Discussion and Conclusion
In this study, the primary direction of current was not significantly different across different electrode montages. The current was mainly distributed in the white matter in all four montages. Near the middle of the brain, the current showed a particularly strong preference for the CSF. We hypothesize that the high volume of CSF in the lateral ventricles attracts a disproportionate amount of current to this region due to the high conductivity of CSF (1.79 S/m) as compared to neural tissue (0.33 S/m). These results may help explain some of the conflicting and inconsistent findings in the literature. A limitation is that a minor amount of the current was not detected from only our ΔBz measurements (Fig. 2A).Acknowledgements
This study was funded by NIH P41-EB015891, Stanford Gambhir Grant, and Stanford Medical Scientist Training Program.References
1. Stagg, C.J., A. Antal, and M.A. Nitsche, Physiology of Transcranial Direct Current Stimulation. Journal of Electroconvulsive Therapy, 2018. 34(3): p.144-152.
2. Yavari, F., et al., Basic and Functional Effects of Transcranial Electrical Stimulation (tES) - An Introduction. Neuroscience & Biobehavioral Reviews, 2018. 85: p.81-92.
3. Berryhill, M.E., et al., Hits and Misses: Leveraging tDCS to Advance Cognitive Research.
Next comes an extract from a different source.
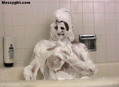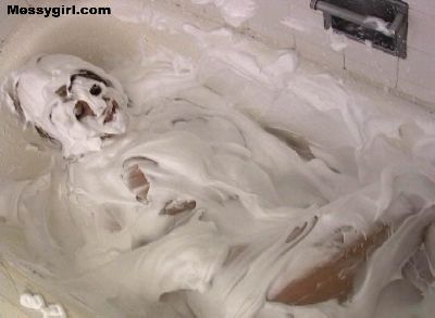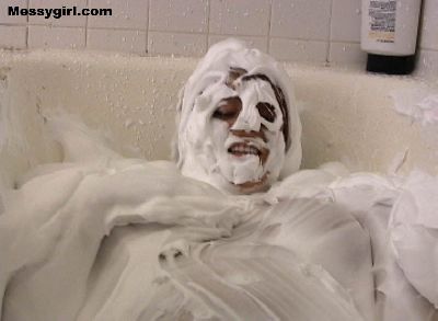Busty Angela takes a good old fashion shaving cream bath. Total coverage!

Frontiers in Psychology, 2014. 5. doi:10.3389/fpsyg.2014.00800.
4. Tremblay, S., et al., The Uncertain Outcome of Prefrontal tDCS. Brain Stimulation, 2014. 7(6): p.773-783.
5. Loo, C.K., et al., International Randomized-Controlled Trial of Transcranial Direct Current Stimulation in Depression. Brain Stimulation, 2018 11(1): p.125-133.
6. Sadleir, R.J., et al., Transcranial Direct Current Stimulation (tDCS) in a Realistic Head Model. NeuroImage, 2010. 51(4): p.1310-1318.
Figures
Fig.4: Typical distribution of current in cerebrospinal Fluid (CSF), gray matter (GM), and white matter (WM): (A),(B) without density compensation; (C),(D) normalized by tissue volume.